Find answers, ask questions, and share your expertise

Trident (Opaque Transactional Spout) : Difference between ClientID and STREAMName

avatar

GroupID/ClientId :

I am reading from Kafka via Trident kafka spout (Opaque Transactional Spout), On Restart If I change the clientID (passed into Tridentkafka Config) I don't see that my spout reading data from initial data point

Is clientId same as groupid?

But If I change stream name, spout starts getting data from beginning.

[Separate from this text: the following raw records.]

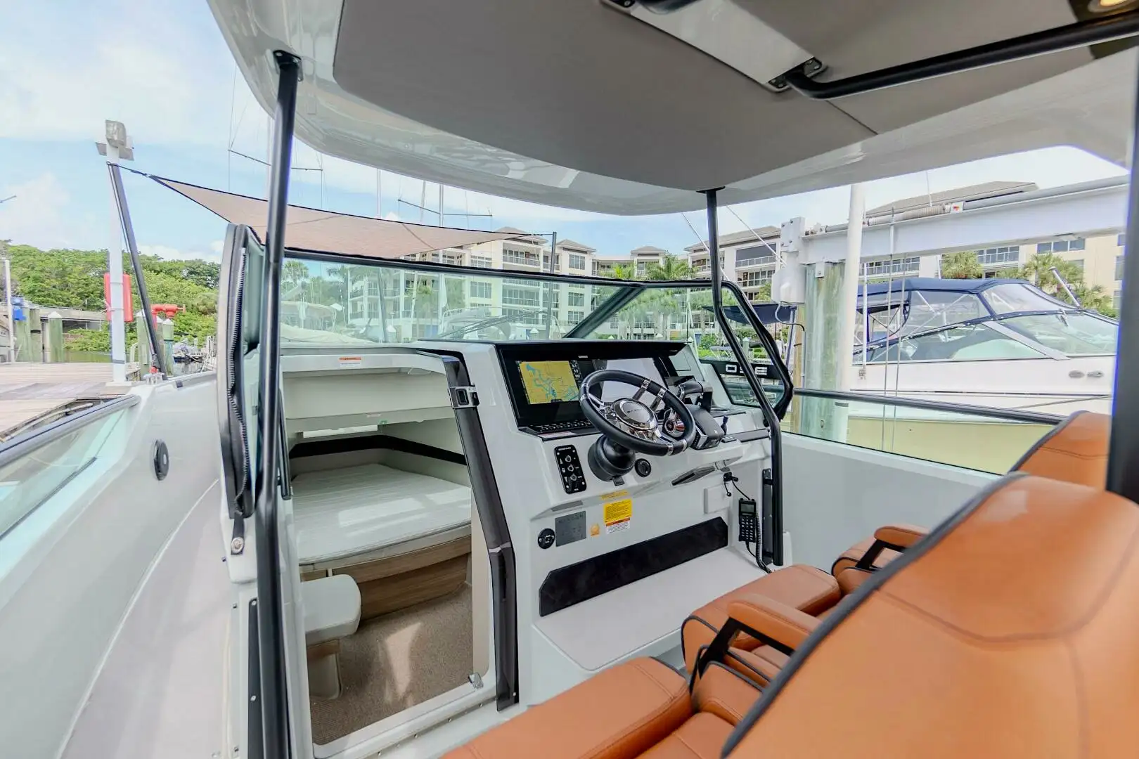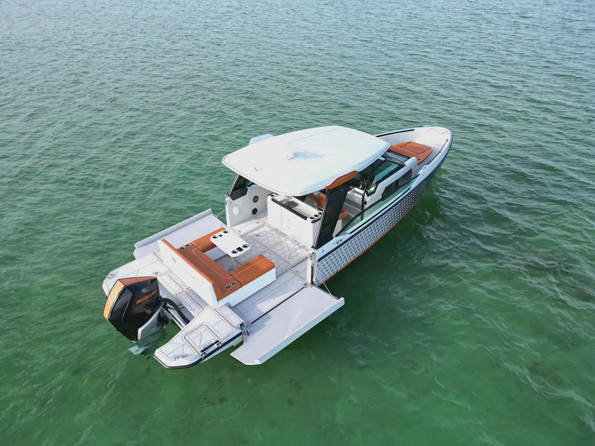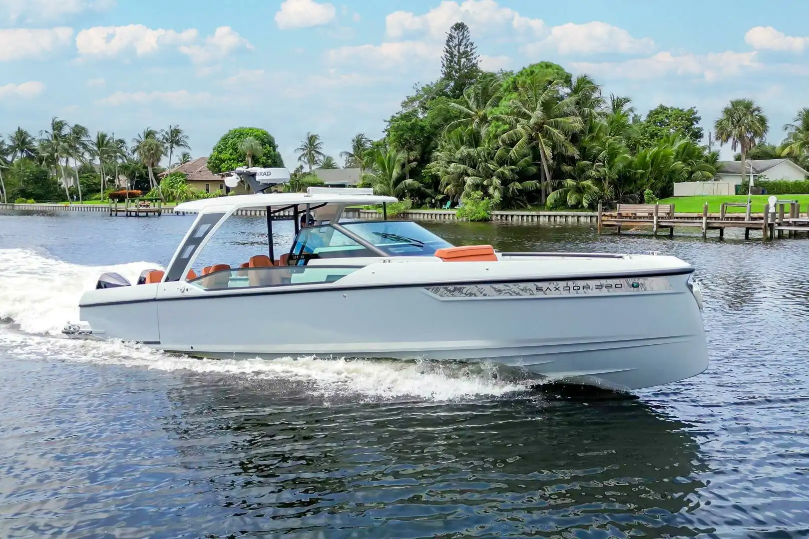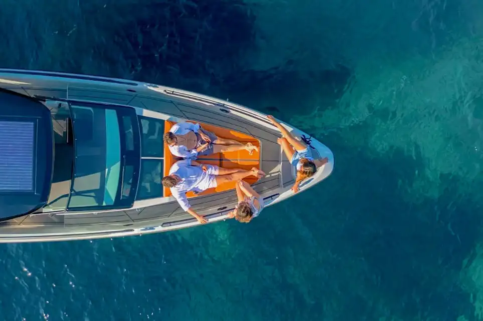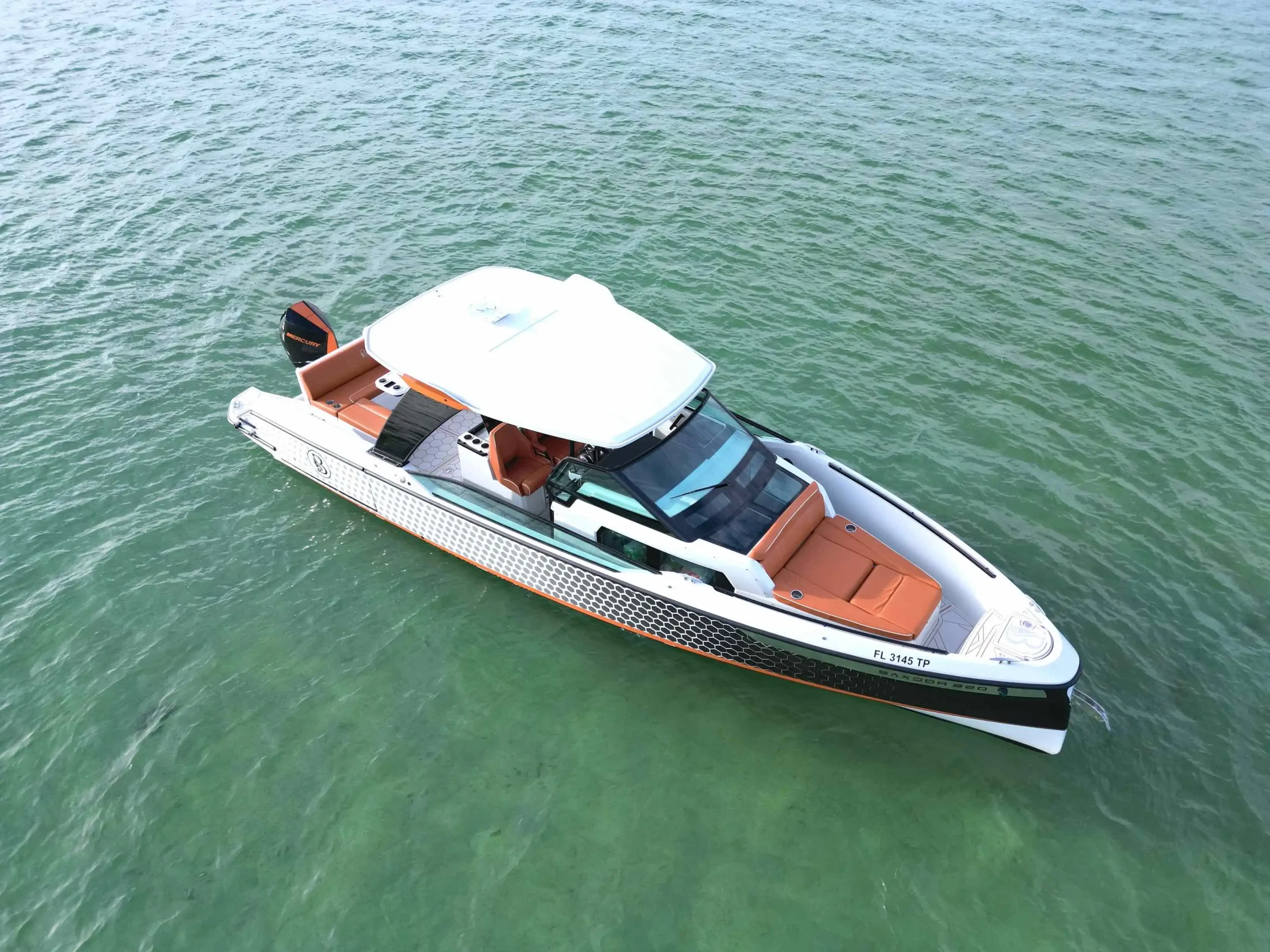El Saxdor de 32 pies destaca por su diseño moderno, líneas elegantes y una distribución pensada para socializar. Cuenta con una amplia cabina, solárium en proa, asientos integrados, sistema de sonido Bluetooth y cómodo acceso a la plataforma de baño. Todo está diseñado para que los invitados puedan relajarse, disfrutar del entorno y vivir el lujo al aire libre con total facilidad. Una elección favorita para quienes buscan un chárter sofisticado y dinámico en Miami Beach.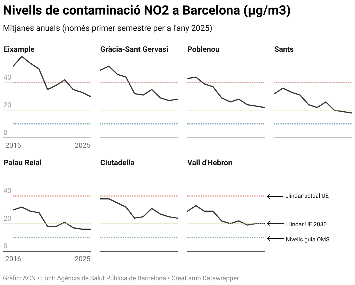 El Parlamento Europeo publicó en el año 2024 la nueva directiva de calidad del aire, que reduce de manera significativa los límites legales para la mayoría de los contaminantes atmosféricos a partir del año 2030 y los acerca a los valores que recomienda la Organización Mundial de la Salud (OMS). “Los niveles anuales de NO2 y PM2,5 en todas las estaciones de medición de la ciudad se mantienen por debajo de los valores límites legales actuales, pero por encima de los niveles guía de la OMS (10 y 5 μg/m³) y del valor legal europeo de 2030 (20 y 10 μg/m³)”, reconoce el consistorio. El informe de la Agencia de Salud Pública de Barcelona (ASPB) los nuevos umbrales fijados por Bruselas ayudarán a continuar reduciendo la contaminación del aire.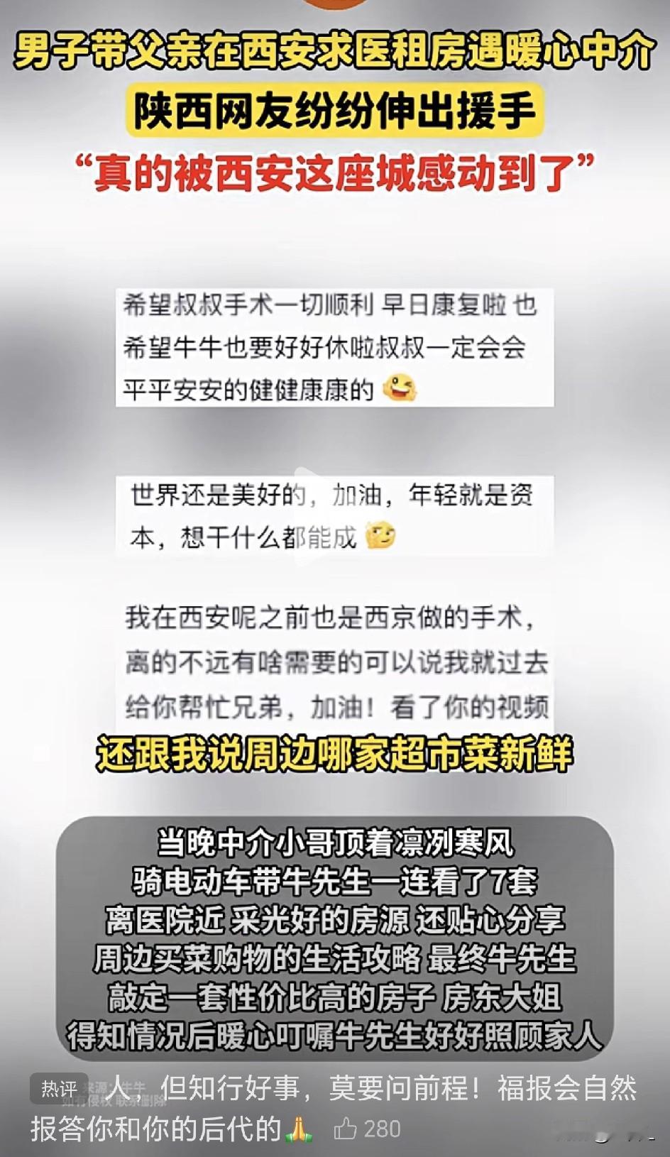 房东妈妈嫌病人“不吉利”?中介小哥怒怼:这房我们不租了! 西安这两天温度直降,但有个山西汉子心里却热乎乎的。 事情是这样的:12月5日,山西的牛先生带着父亲来西安看病,想租个房子落脚,租房前也和房东讲明了是来看病的。 没想到,去看第一个房子时,却被房东妈妈拦在了楼下:“不行不行,这不吉利!” 话刚落地,旁边陪看房的中介小哥立刻搭上牛先生的肩膀:“哥,咱走!这房我们不租了!”回头又补了一句:“谁家还没个生病的时候?” 这话说得,硬气! 当天晚上,寒风刮得人脸生疼。中介小哥骑着电动车,载着牛先生在医院周边转悠,一连看了7套房子,专门找那些离医院近、阳光又好的。 一路上,小哥嘴也没闲着:“这小区门口菜新鲜”“那边超市晚上八点后半价”…… 最终牛先生租下了一所性价比很高的房子,房东大姐知道了情况,非但没嫌弃,还暖心叮嘱牛先生好好照顾家人! 后来牛先生才知道,这个小哥的父亲也在和癌症抗争。原来,那份贴心,是从自己经历里长出来的温暖。 视频传到网上后,陕西老乡们坐不住了: 🌹网约车司机群里直接喊话:“需要接送说话,免费!” 🌹本地网友连夜整理攻略:哪个专家靠谱、哪片租房实惠、哪家肉夹馍正宗。 🌹还有人私信提醒:“兄弟,照顾好老爷子,你也得吃饭睡觉啊!” 牛先生本来被西安的寒风吹得心凉,这下直接被暖到眼眶发热:“西安的冬天是真冷,但这城里的人,也是真暖。” 网友热评: “房东怕‘不吉利’,却不知道善良才是最好的风水!” “陕西人:我们的暖,是雪中送炭的暖!” “建议房东挂个牌:只租给永远不生病的超人。” 一次仗义的转身,一句朴素的共情,一次默默的陪伴,一场自发的接力——这些微小的光芒,最终汇聚成了足以驱散城市严寒的人间暖阳。 最宝贵的“吉利”,是植根于人心深处的良善。 愿我们都能成为那个在他人需要时,敢于说“这房我们不租了”的人,更愿我们生活的每座城,都因无数普通人的微光,而变得真实可亲、暖意融融。 你在陌生城市遇到过哪些暖心瞬间?评论区聊聊,点赞分享,让温暖传递下去! 信息来源于文明西安,侵联删!

https://github.com/apache/storm/blob/master/external/storm-kafka/src/jvm/org/apache/storm/kafka/trid...

@Ram Sriharsha

1 ACCEPTED SOLUTION

avatar
Guru

@Narendra Bidari clientId and groupId are not the same. ClientId is a user specified string value that is sent along with every message to help with tracing and debugging. On the other hand groupId is a unique identifier for a group of consumer processes. Since the Kafka read offset is stored in zookeeper for your groupId you don't start reading files from the beginning for that topic. This is why you are able to read the entire topic when you change the topic name because no previous offset has been stored hope this helps

View solution in original post

7 REPLIES 7

avatar
Master Mentor

avatar
Guru

@Narendra Bidari clientId and groupId are not the same. ClientId is a user specified string value that is sent along with every message to help with tracing and debugging. On the other hand groupId is a unique identifier for a group of consumer processes. Since the Kafka read offset is stored in zookeeper for your groupId you don't start reading files from the beginning for that topic. This is why you are able to read the entire topic when you change the topic name because no previous offset has been stored hope this helps

avatar

@Jeremy Dyer : Thanks for the answer. I now understand clientId is not same as groupId.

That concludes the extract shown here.